Start of Block

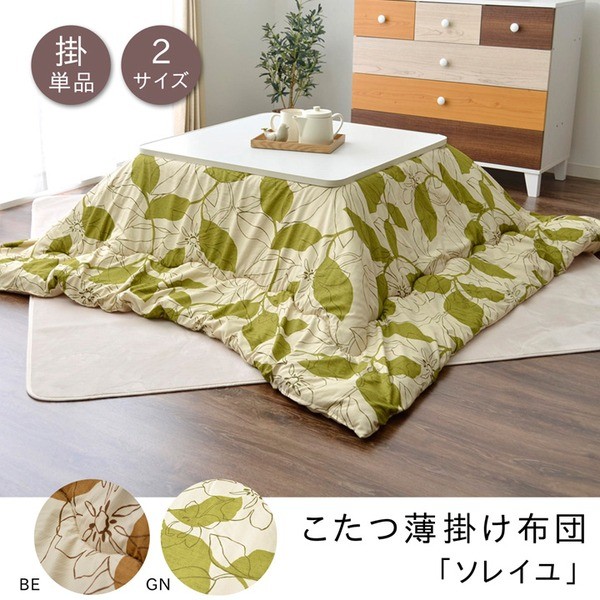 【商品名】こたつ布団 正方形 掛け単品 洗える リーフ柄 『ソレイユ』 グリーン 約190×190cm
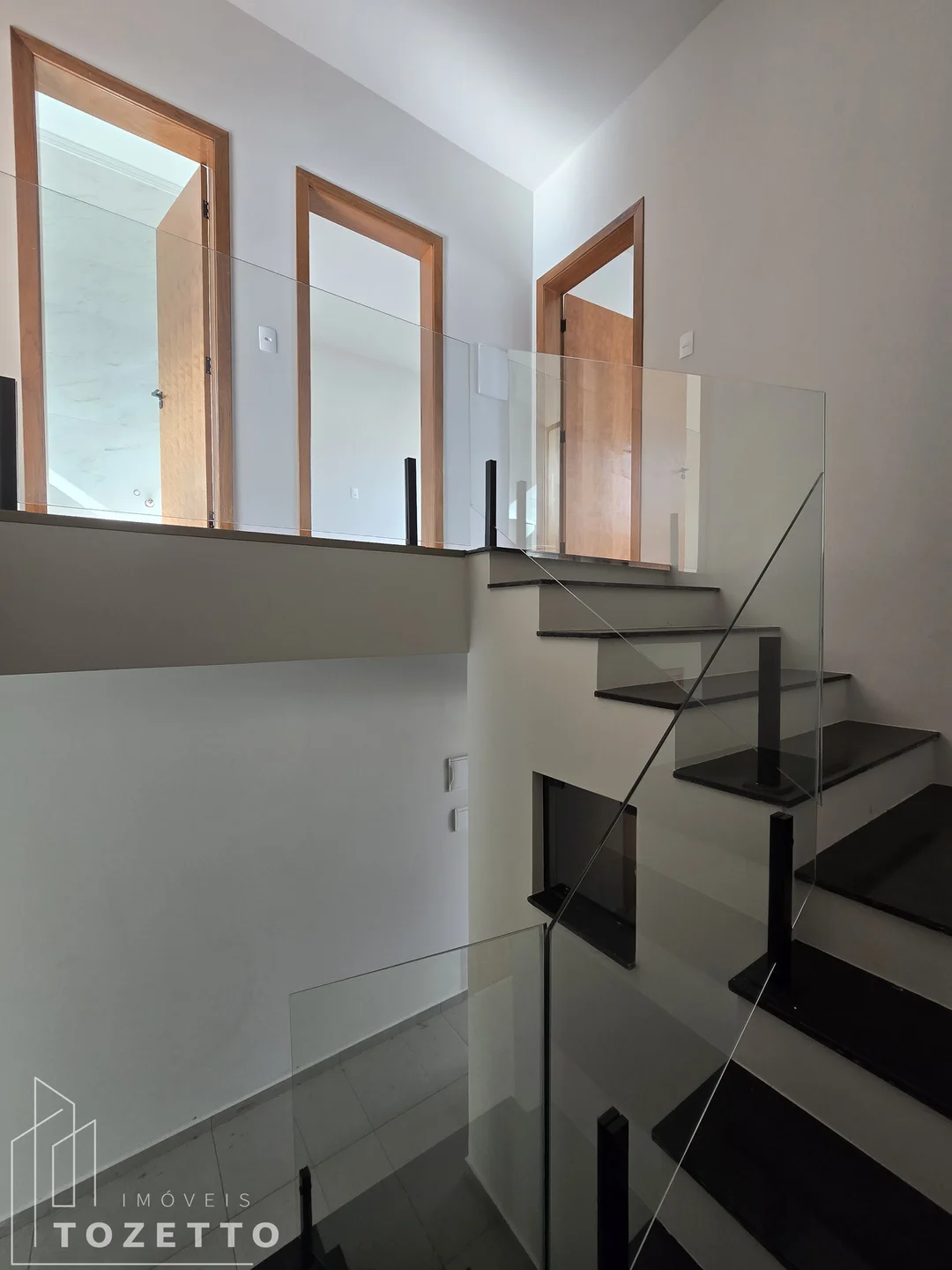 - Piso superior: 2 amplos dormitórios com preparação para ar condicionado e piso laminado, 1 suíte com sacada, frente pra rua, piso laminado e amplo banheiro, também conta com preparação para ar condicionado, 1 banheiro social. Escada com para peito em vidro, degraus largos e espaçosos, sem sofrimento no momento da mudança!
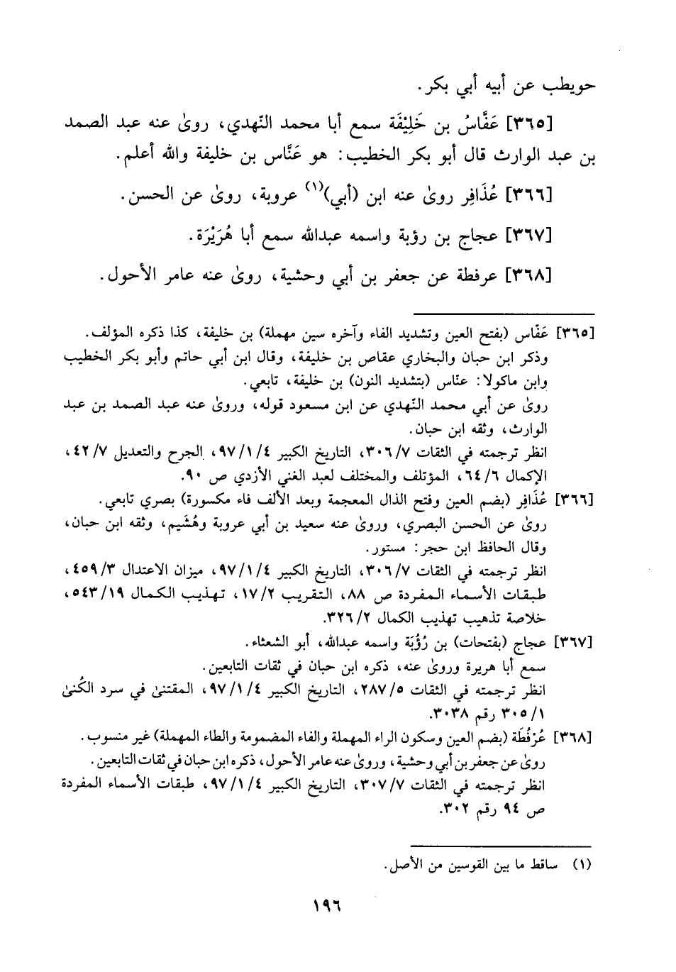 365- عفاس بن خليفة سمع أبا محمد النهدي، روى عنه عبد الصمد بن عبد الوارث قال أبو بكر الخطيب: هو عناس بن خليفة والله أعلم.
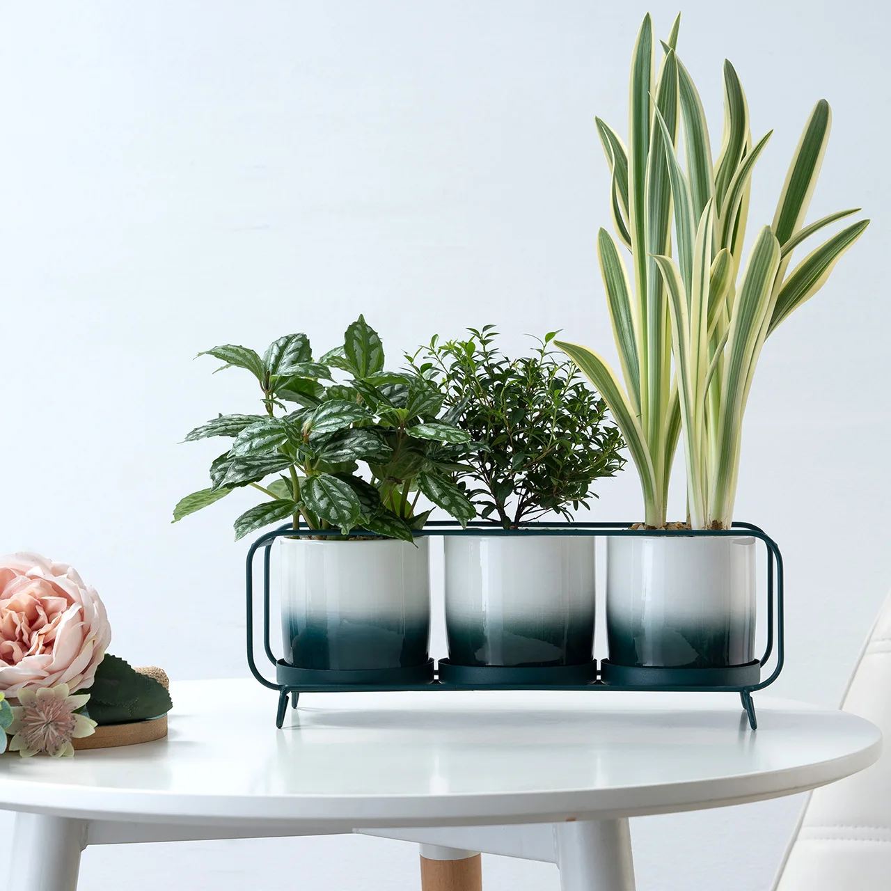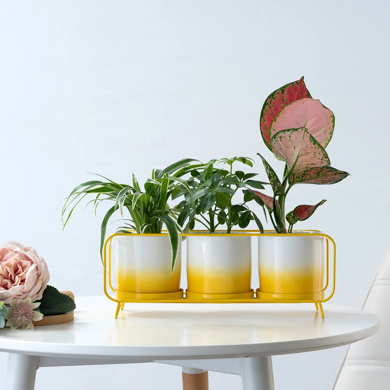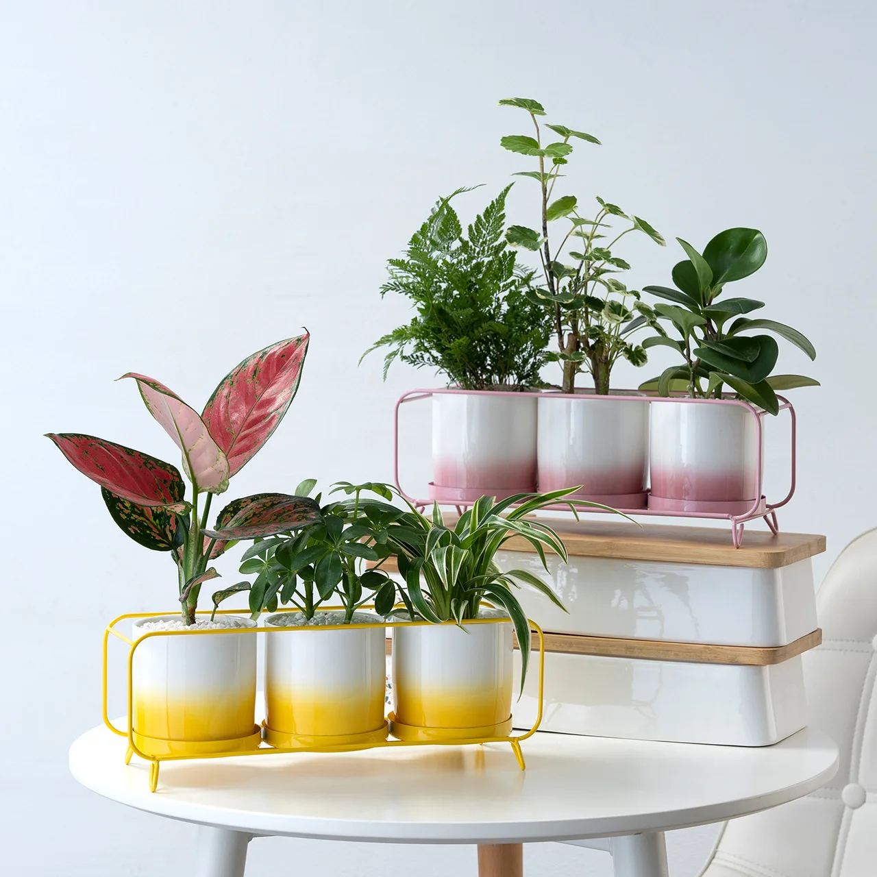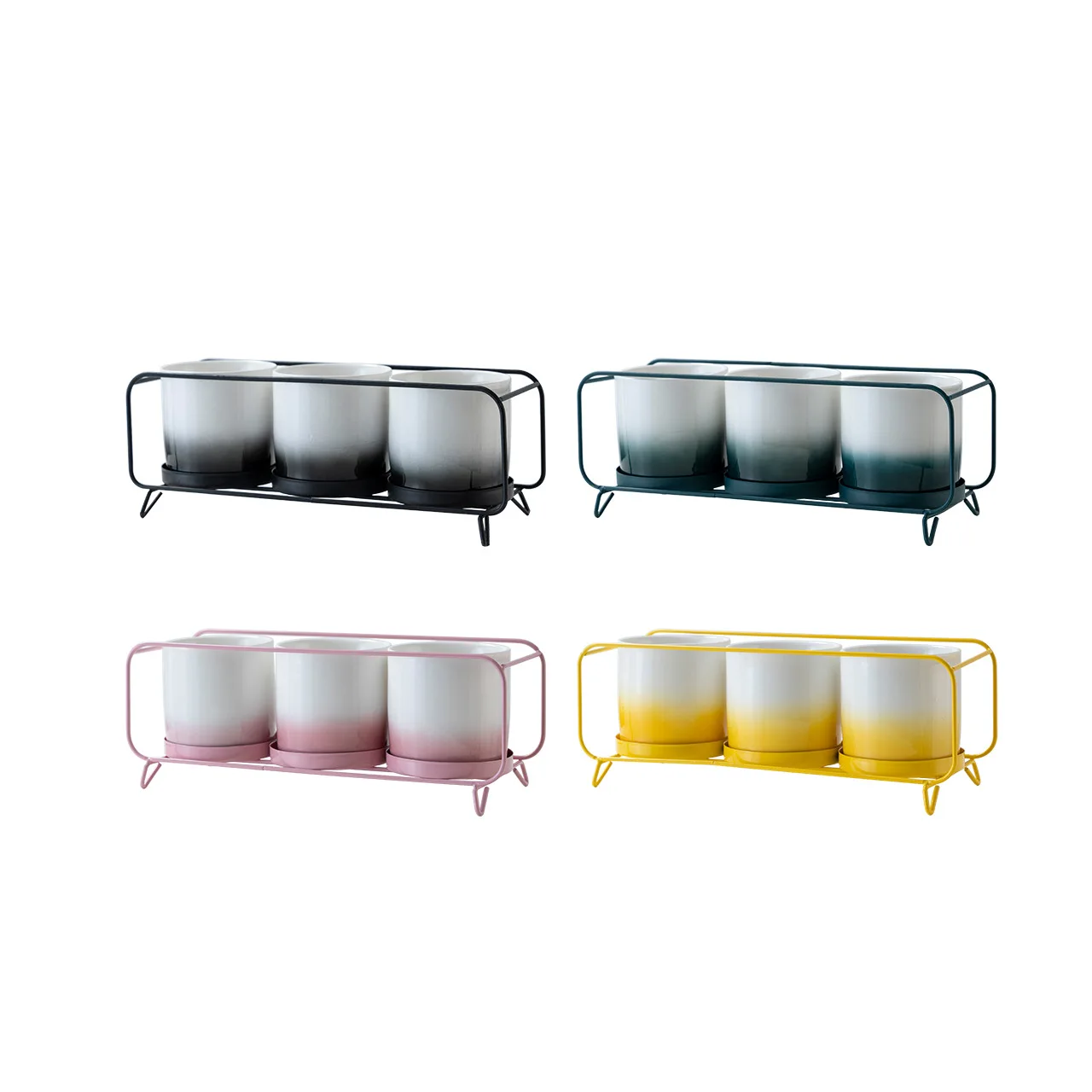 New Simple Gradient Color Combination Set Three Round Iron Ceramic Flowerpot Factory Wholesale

End of Block
Start of Block

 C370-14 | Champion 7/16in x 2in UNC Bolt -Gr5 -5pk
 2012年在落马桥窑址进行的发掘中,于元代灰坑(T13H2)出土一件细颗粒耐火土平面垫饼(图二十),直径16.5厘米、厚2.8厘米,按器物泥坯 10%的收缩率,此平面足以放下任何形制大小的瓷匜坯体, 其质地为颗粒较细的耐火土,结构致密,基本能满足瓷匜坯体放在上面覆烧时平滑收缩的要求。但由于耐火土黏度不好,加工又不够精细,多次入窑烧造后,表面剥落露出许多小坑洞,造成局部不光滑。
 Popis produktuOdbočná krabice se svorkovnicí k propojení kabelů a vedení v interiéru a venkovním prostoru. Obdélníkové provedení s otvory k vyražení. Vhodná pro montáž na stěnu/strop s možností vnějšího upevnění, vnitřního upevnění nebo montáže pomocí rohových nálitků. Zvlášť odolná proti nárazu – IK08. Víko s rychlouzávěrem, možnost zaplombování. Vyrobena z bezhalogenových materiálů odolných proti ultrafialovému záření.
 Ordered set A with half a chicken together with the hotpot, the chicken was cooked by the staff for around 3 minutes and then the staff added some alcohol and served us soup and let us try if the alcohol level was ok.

End of Block
Start of Block

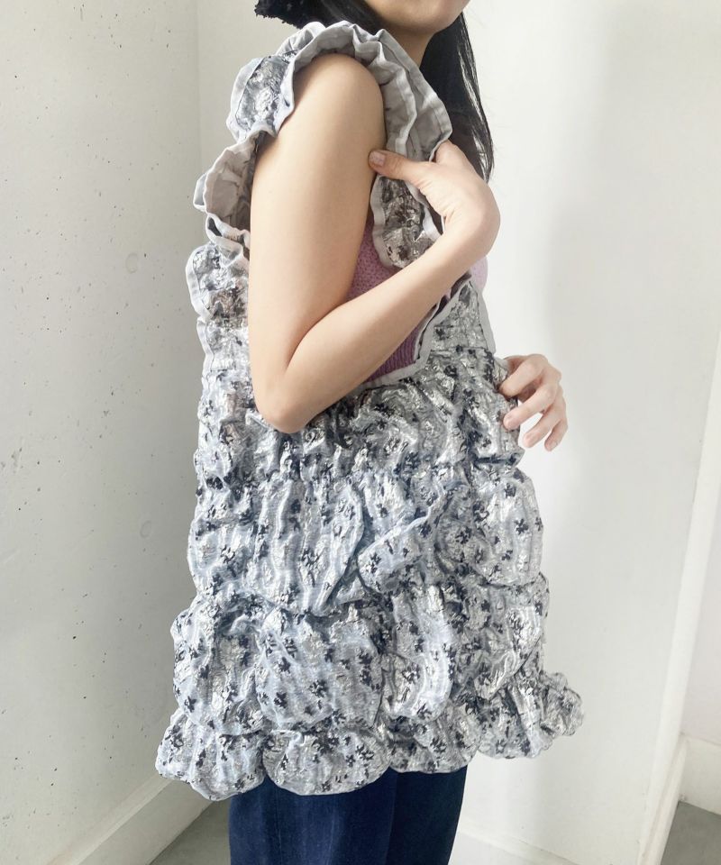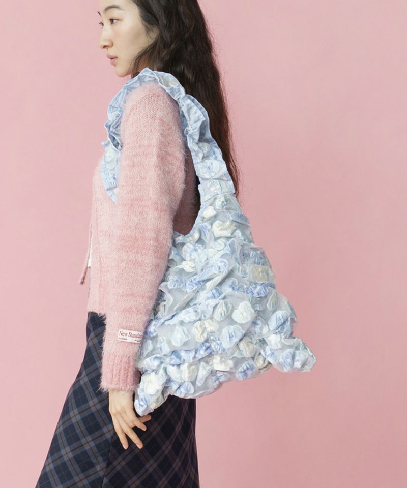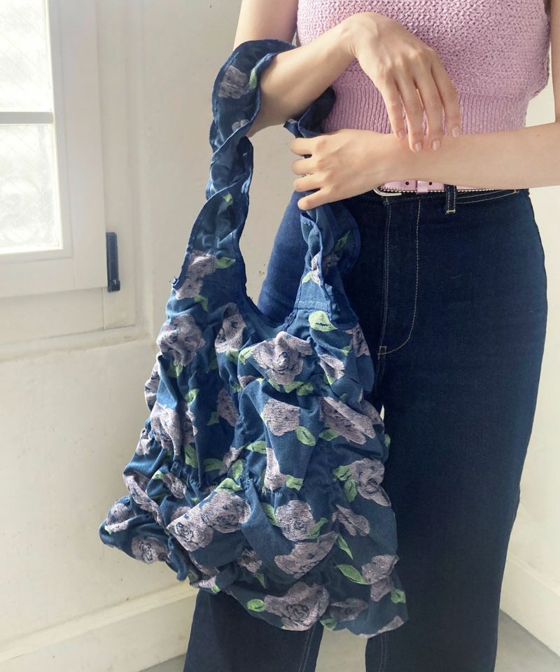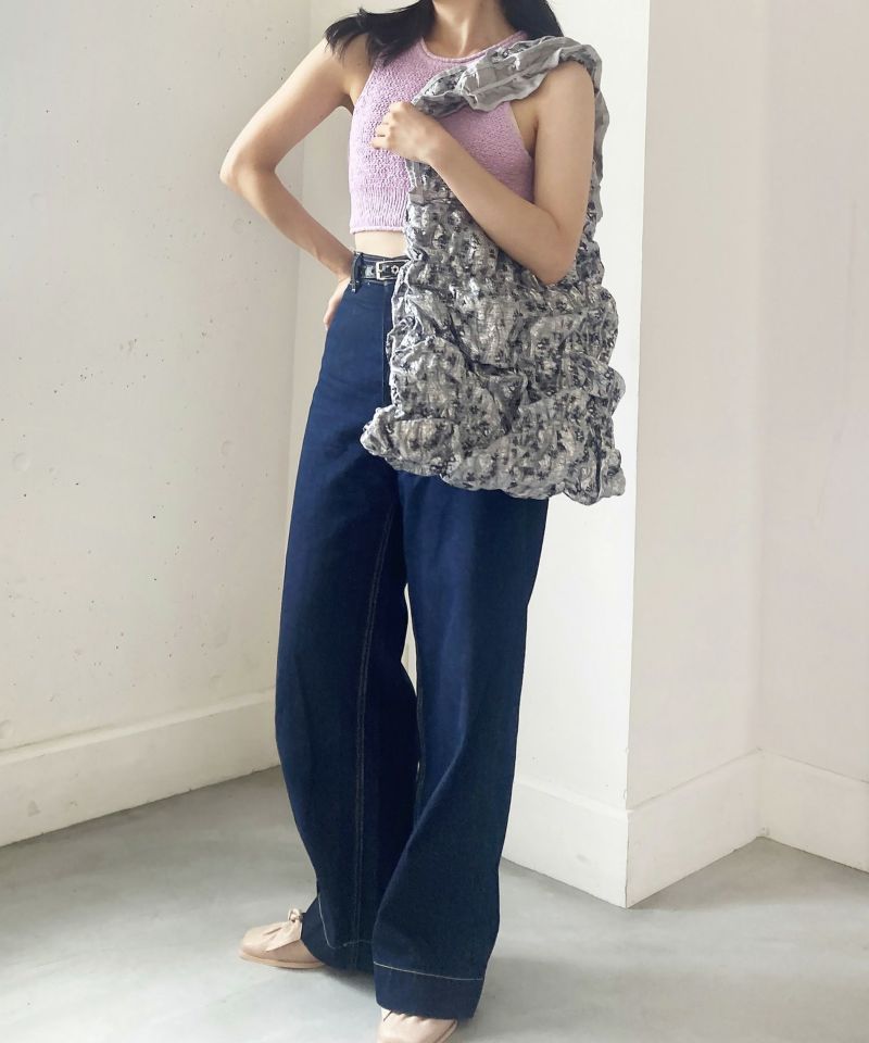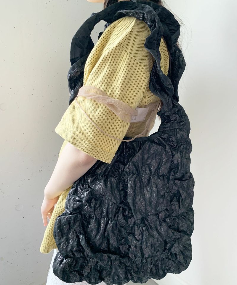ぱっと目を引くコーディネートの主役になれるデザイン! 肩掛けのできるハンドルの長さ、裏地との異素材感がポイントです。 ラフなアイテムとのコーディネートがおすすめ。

End of Block

**TO DO:**
Print exactly, with no pictures, the lines above from the one that holds "リーフ柄 『ソレイユ』 グリーン 約190×190cm" through the one that holds "New Simple Gradient", both of them included.

**EXERCISE RESULT:**
 【商品名】こたつ布団 正方形 掛け単品 洗える リーフ柄 『ソレイユ』 グリーン 約190×190cm
 - Piso superior: 2 amplos dormitórios com preparação para ar condicionado e piso laminado, 1 suíte com sacada, frente pra rua, piso laminado e amplo banheiro, também conta com preparação para ar condicionado, 1 banheiro social. Escada com para peito em vidro, degraus largos e espaçosos, sem sofrimento no momento da mudança!
 365- عفاس بن خليفة سمع أبا محمد النهدي، روى عنه عبد الصمد بن عبد الوارث قال أبو بكر الخطيب: هو عناس بن خليفة والله أعلم.
 New Simple Gradient Color Combination Set Three Round Iron Ceramic Flowerpot Factory Wholesale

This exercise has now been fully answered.